First lady Michelle Obama brought her high energy "Let's Move" campaign to Chicago today, where she announced a new phase of the initiative that will place a greater emphases on physical activity.

The "Active Schools" initiative, funded primarily by a $50 million grant from Nike Inc., will help pay for new physical education programs in schools that meet exercise standards.

Surrounded by athletic superstars including tennis champion Serena Williams, gymnast Gabby Douglas, San Francisco 49ers quarterback Colin Kaepernick and "The Biggest Loser" trainer Bob Harper, the first lady told 3,000 cheering Chicago Public Schools students gathered around the stage that they have the potential to be great.

"The only thing separating you out there and us on the stage is the choices you make in life," Obama said, after returning to the stage dressed in red and black exercise wear. Earlier in the program she wore a black business suit while thanking Nike and other corporations for supporting the program.

The athletes led the crowd of screaming and jumping students in an exercise routine at McCormick Place, 2301 S. Lake Shore Dr. The first lady and Mayor Rahm Emanuel, dressed in exercise clothes, joined in the high energy routine with loud techno music and colorful strobe lights.

The Nike donation, delivered over five years, will allow schools to partner with community organizations and other groups to provide exercise programs  to benefit children. Schools also will be able to implement physical education programs during the school day.

Education Secretary Arne Duncan, in an interview prior to the event, called the violence in Chicago "staggering" and suggested that such after school programs could have an impact on curbing it.

"Our families, our communities, our children deserve so much better," he said. "We have to allow our children to grow up in a safe environment."

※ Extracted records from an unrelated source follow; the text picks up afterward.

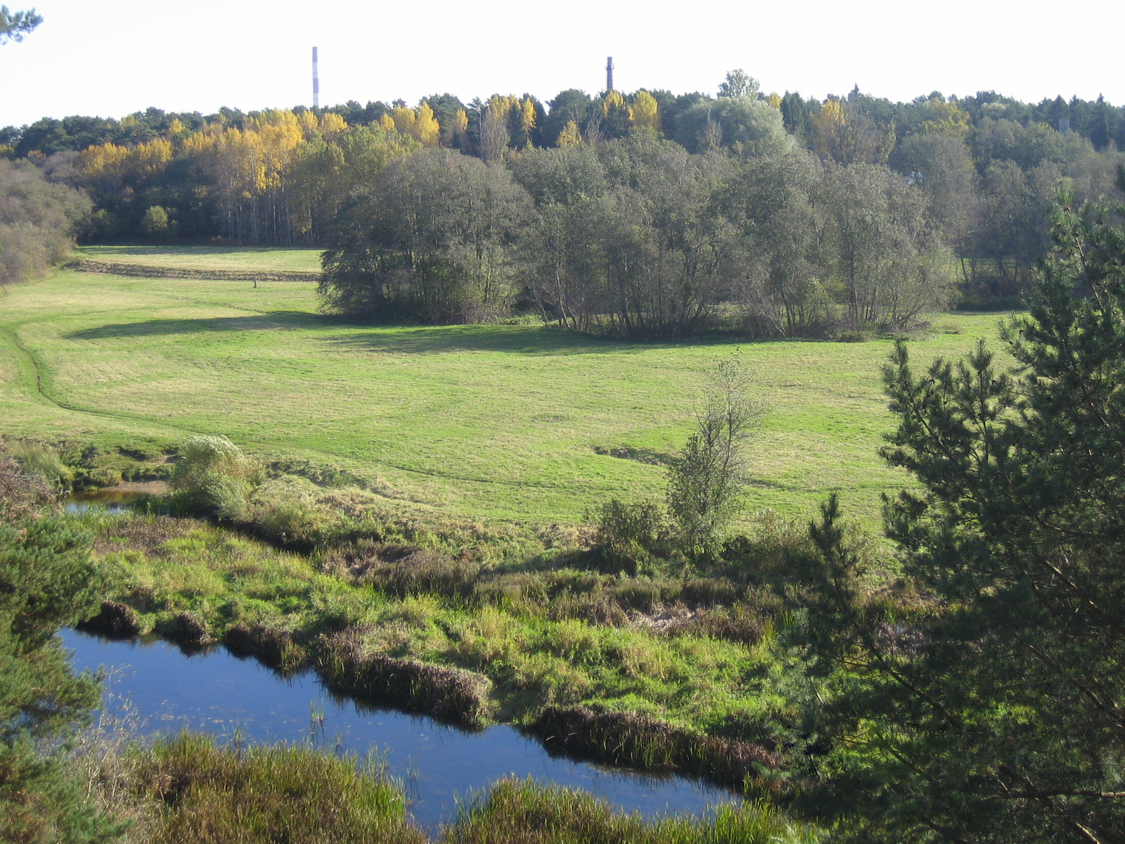 Pirita River Valley Landscape Protection Area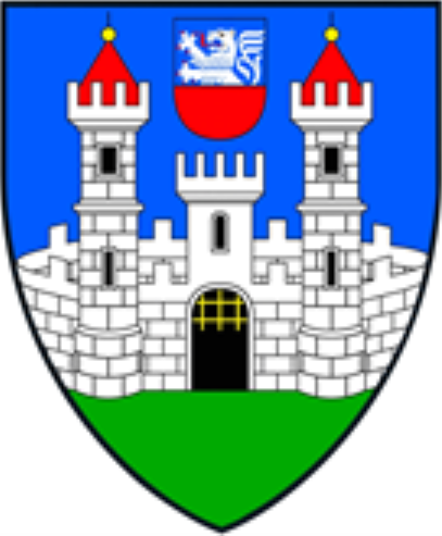 Coats of arms of Zistersdorf, Lower Austria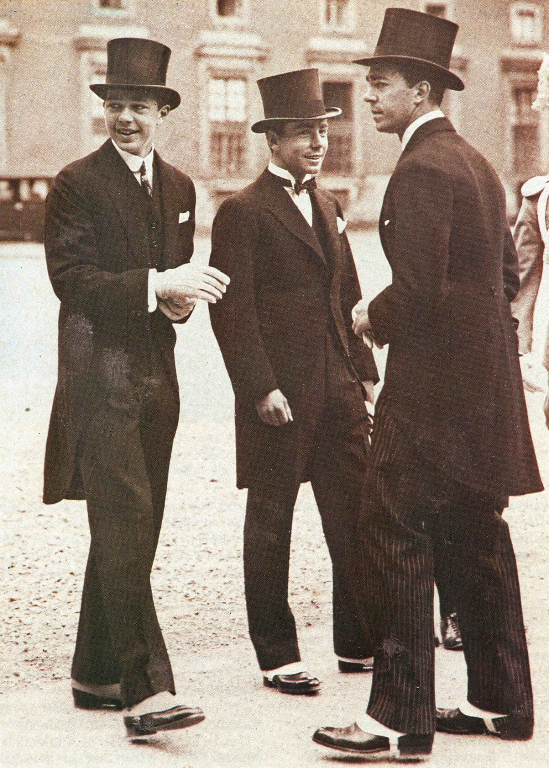 Three brothers: princes Bertil, Sigvard, and Gustav Adolf of Sweden at the Royal Palace.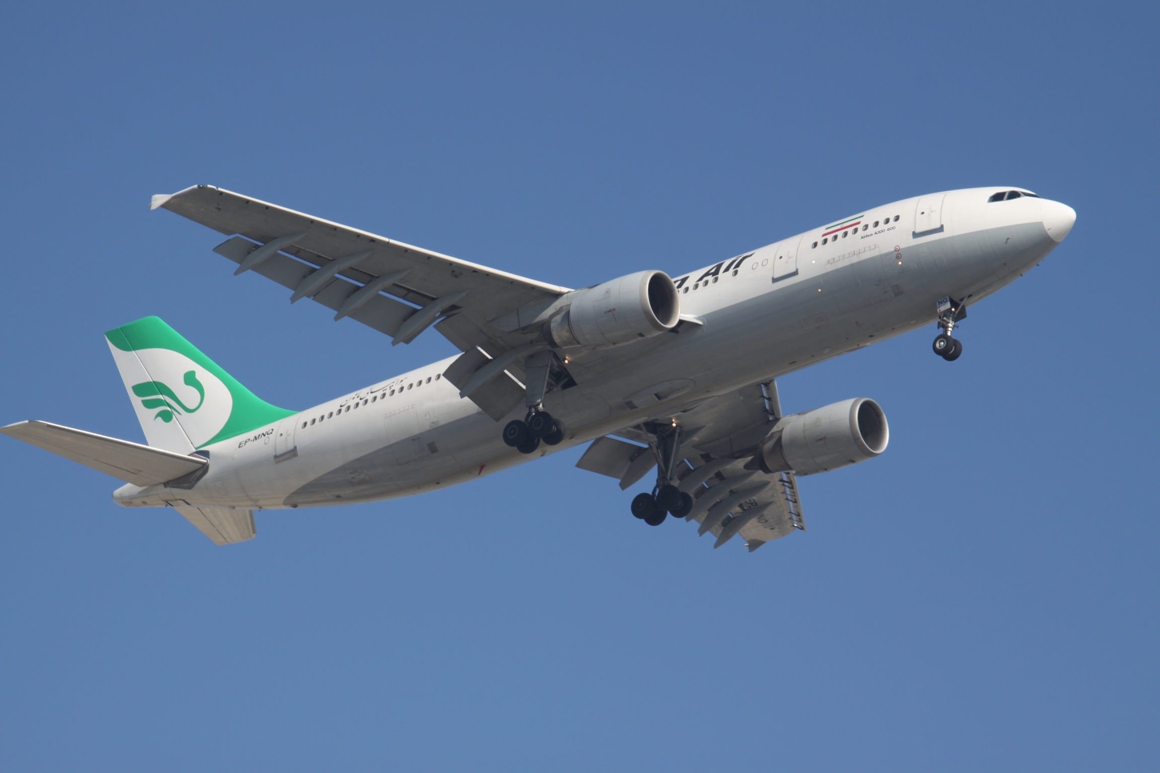 At Dubai International DXB

Chicago is the third stop on the first lady's multi-city tour observing the 3rd anniversary of the "Let's Move" initiative.

As part of Chicago's efforts to curb obesity, officials announced a "Healthy CPS Action Plan," giving schools a comprehensive plan to improve health and wellness of students.

Earlier today, the Chicago Department of Public Health released new obesity numbers for Chicago Public Schools students. According to the report, 36.5 percent of children entering kindergarten are overweight or obese, as well as 48.6 percent of 6th graders and 44.7 percent of 9th graders.